-- What you are asked to do --
The answer must be an exact reprint of the lines from the one with "Tosta picante de aguacate, jamón y Camembert" through the final line of the data, with no pictures included.

-- Collected data --
>>

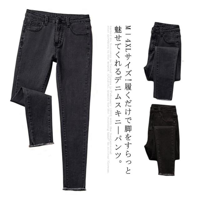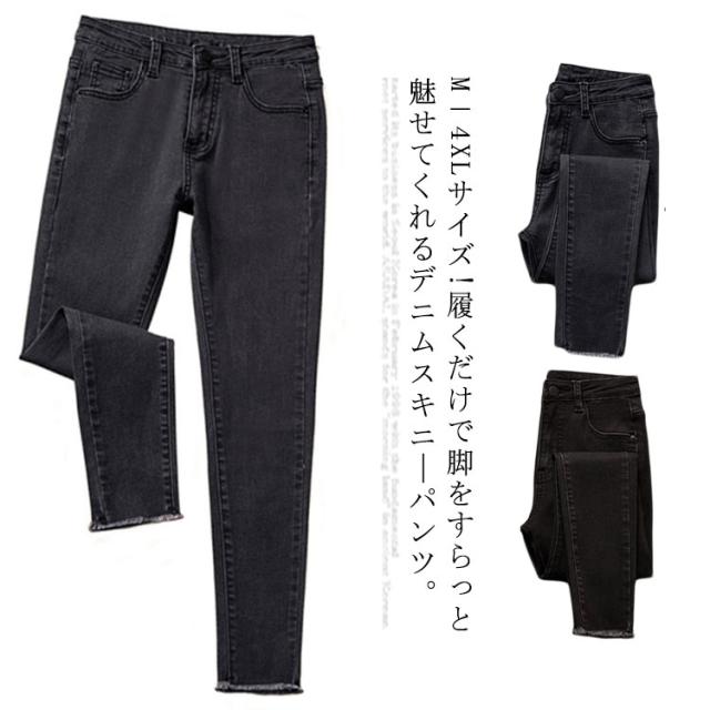 M−4XLサイズ!カットオフ スキニーデニムパンツ スキニーパンツ レディース デニムパンツ スキニー ジーンズ デニム 9分丈 美脚 春秋 おしゃれ 大きサイズ 送料無料
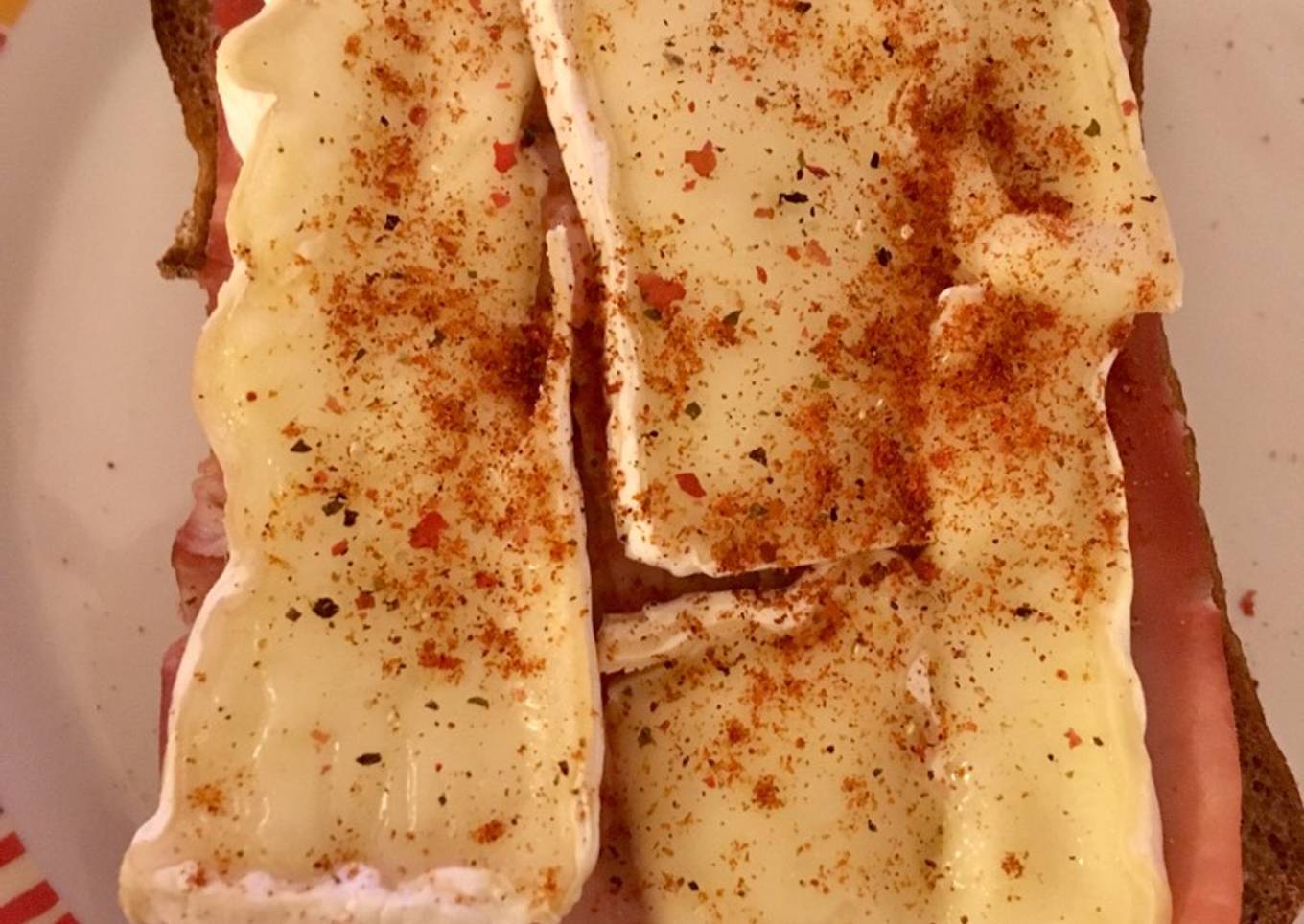 Tosta picante de aguacate, jamón y Camembert
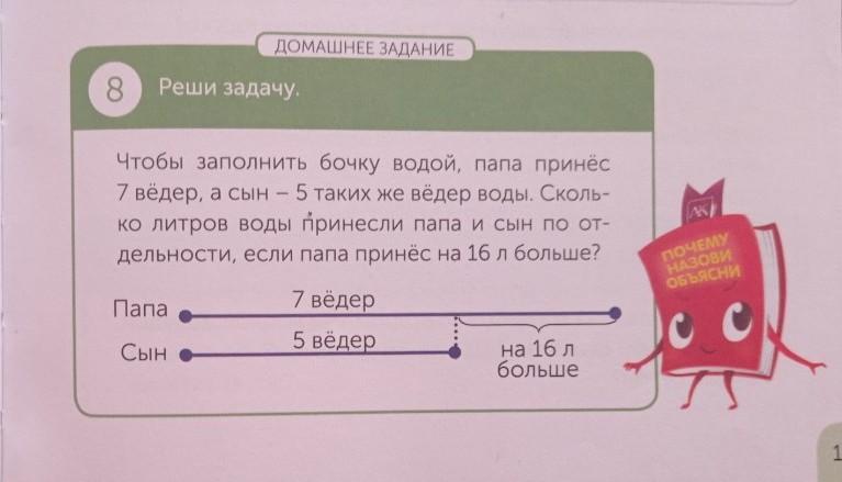 ответ:56 литров воды принес отец. 40 литров воды принес сын.
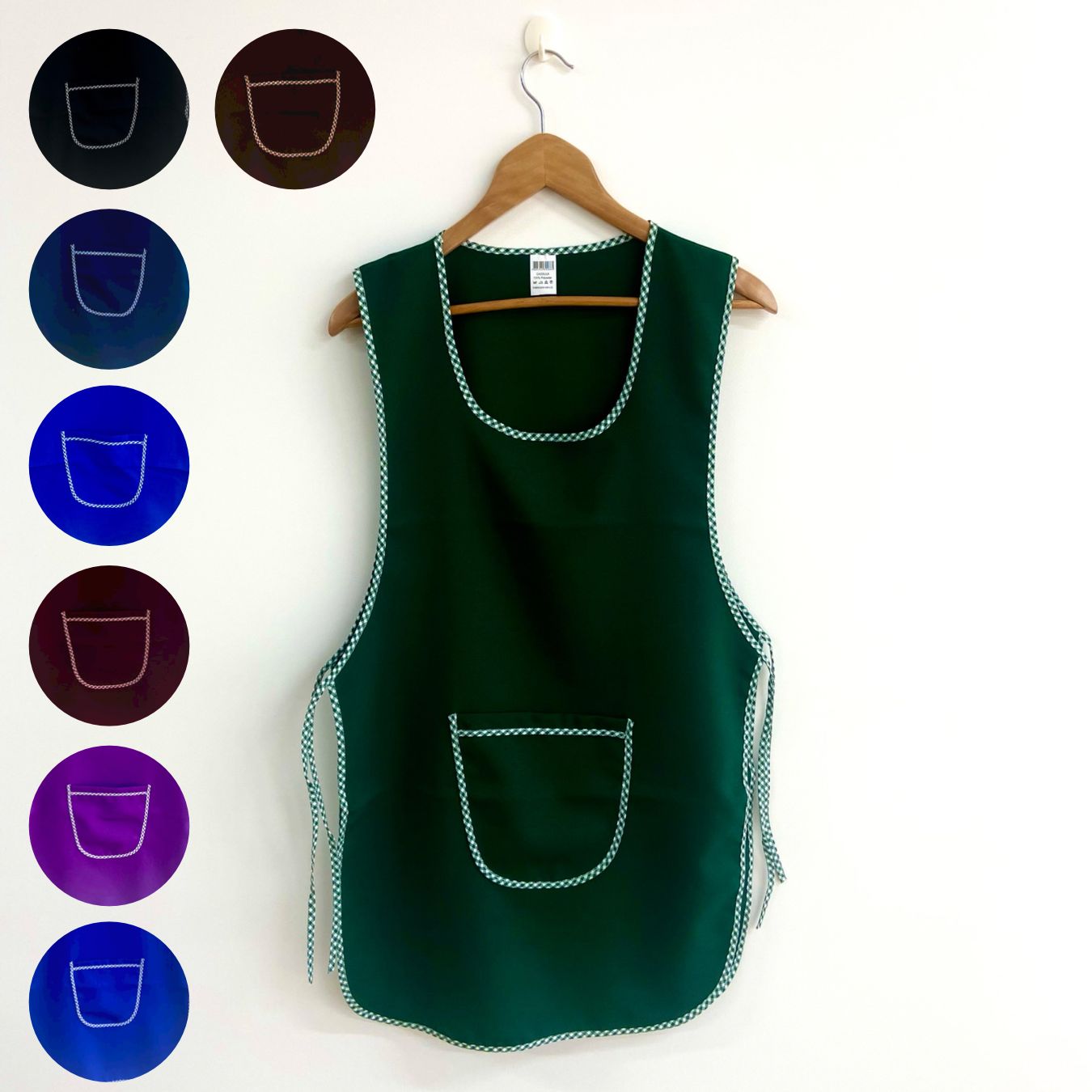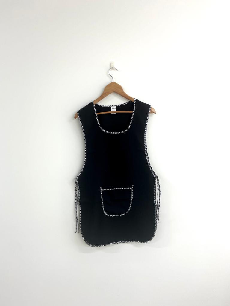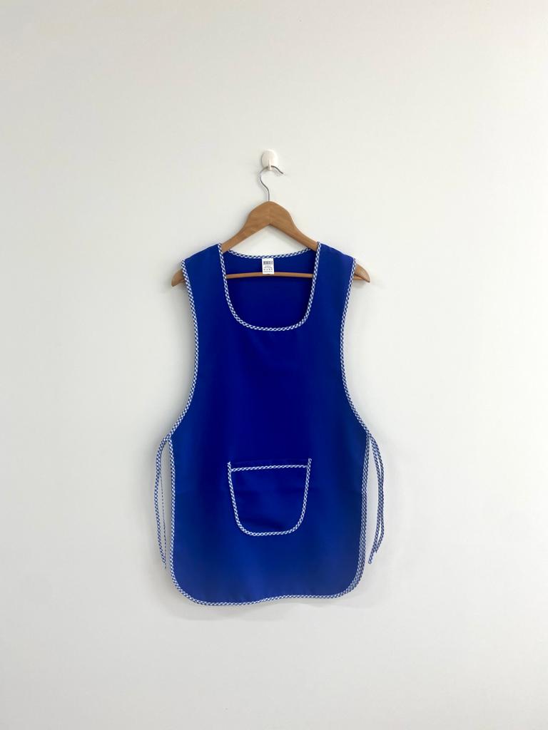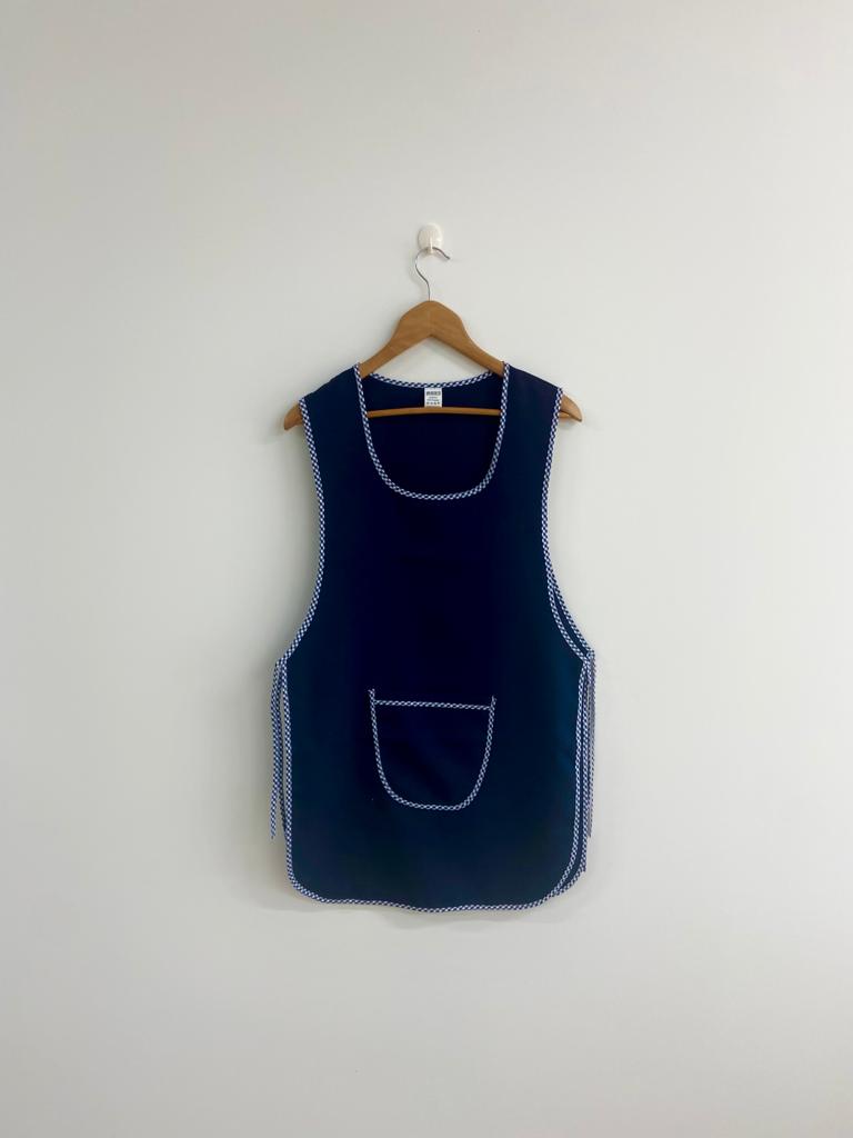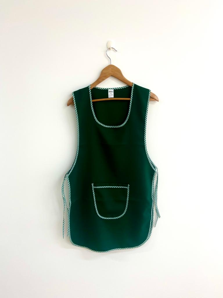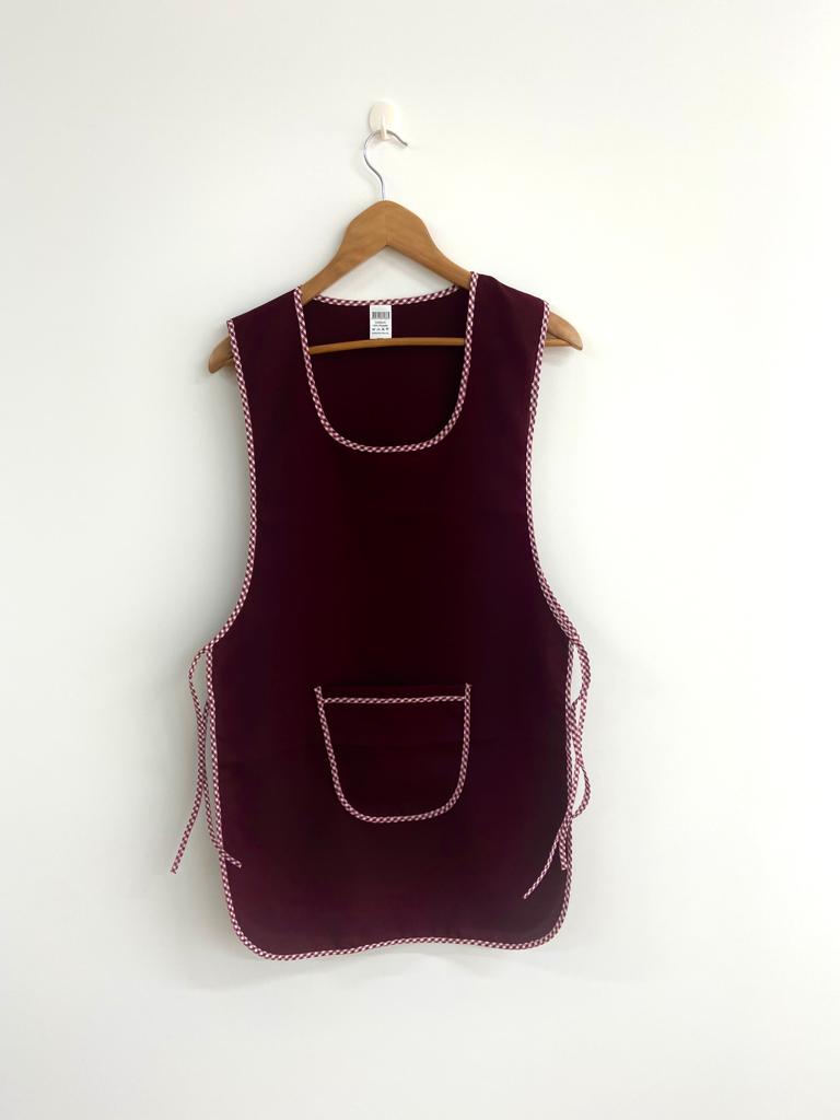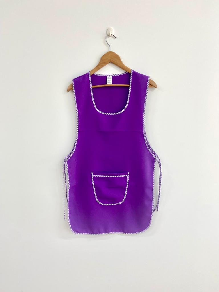 Avental de cor lisa com contorno em xadrez.

<<

-- Written solution --
 Tosta picante de aguacate, jamón y Camembert
 ответ:56 литров воды принес отец. 40 литров воды принес сын.
 Avental de cor lisa com contorno em xadrez.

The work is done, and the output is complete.